Well we're off to a great start.  

I did an extensive review of the OOP during our Live Trading Webinar on Wednesday (@ 38:35) where we looked over our current positions and determined we were well on track to gain another $60,000 (60%) next year but, of course, we won't be just sitting on our laurels – there will be lots of fun trades to make over the next 12 months.  

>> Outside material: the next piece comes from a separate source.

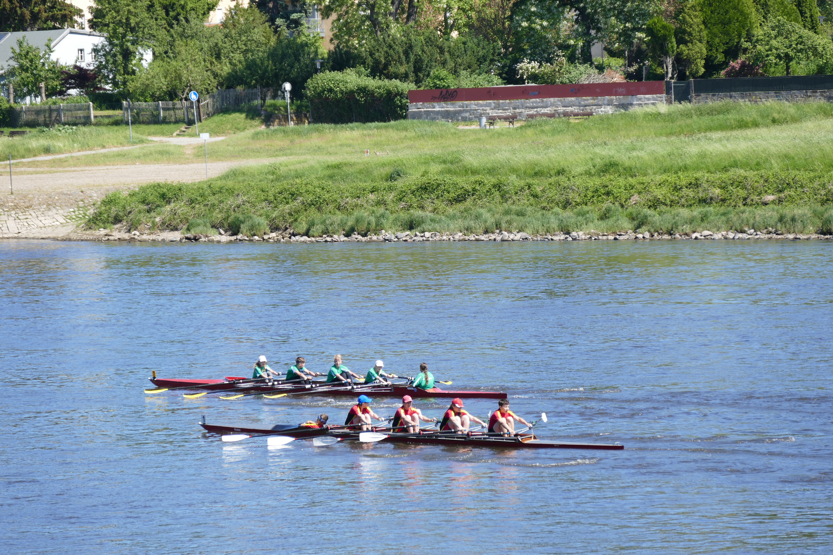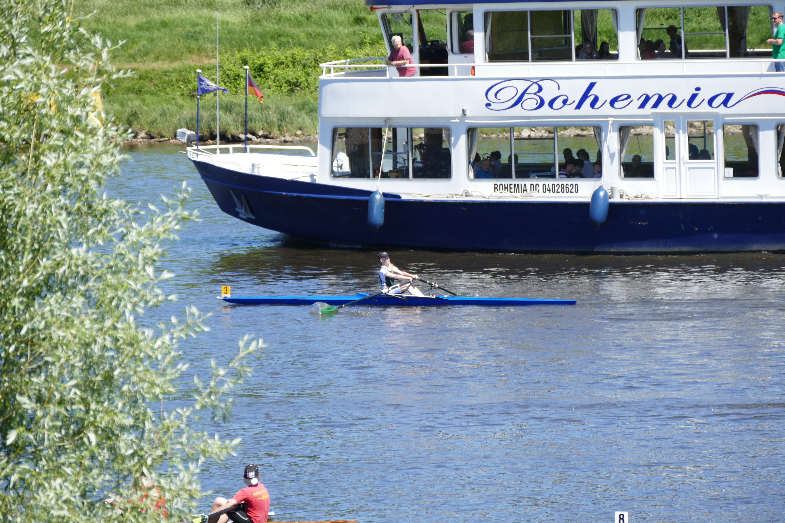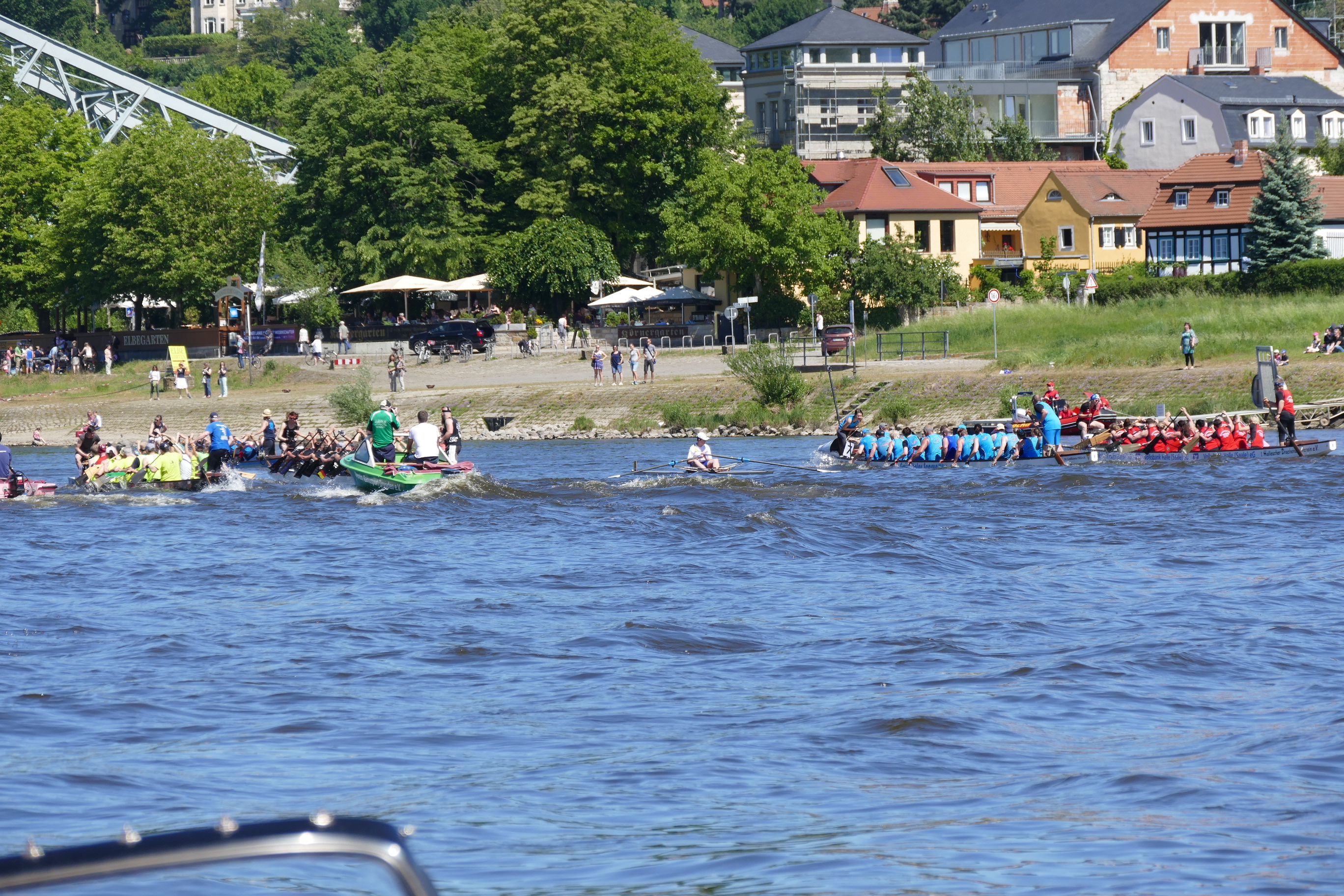 Heute fand die 128 Dresdner Ruderregatta statt. Der Wettergott meinte es sehr gut mit den Ruderinnen und Ruderern. Die Elbe hatte heute nur einen Wasserstand von 117 cm. Das war wie immer die erste Hürde für alle Beteiligten. Untiefen, Stau und Strudel galt es geschickt auszuweichen. Dass große Schiffe Wasser ziehen mussten leider einige schmerzlich mit Bootschaden bemerken.

After our first year (we initiated the portfolio on Aug 8th, 2015) we are now the Top Performing Premium Portfolio over at Seeking Alpha and, in fact, our strategy is outperforming even America's best performing hedge fund (Gerbina Gold Group) by a wide margin.  In fact the 2nd best performing hedge fund is also a gold fund (AIS) and is only up 33.7% for the year – so our diverse portfolio, using our "Be the House – NOT the Gambler" philosophy is proving itself in this market.  

You can read more about that strategy in my January Forbes interview where, on page 4 of the interview, I gave an example trade from the OOP using a bullish spread on oil which was:

Buy 10 UCO July $5 calls for $3.70 ($3,750)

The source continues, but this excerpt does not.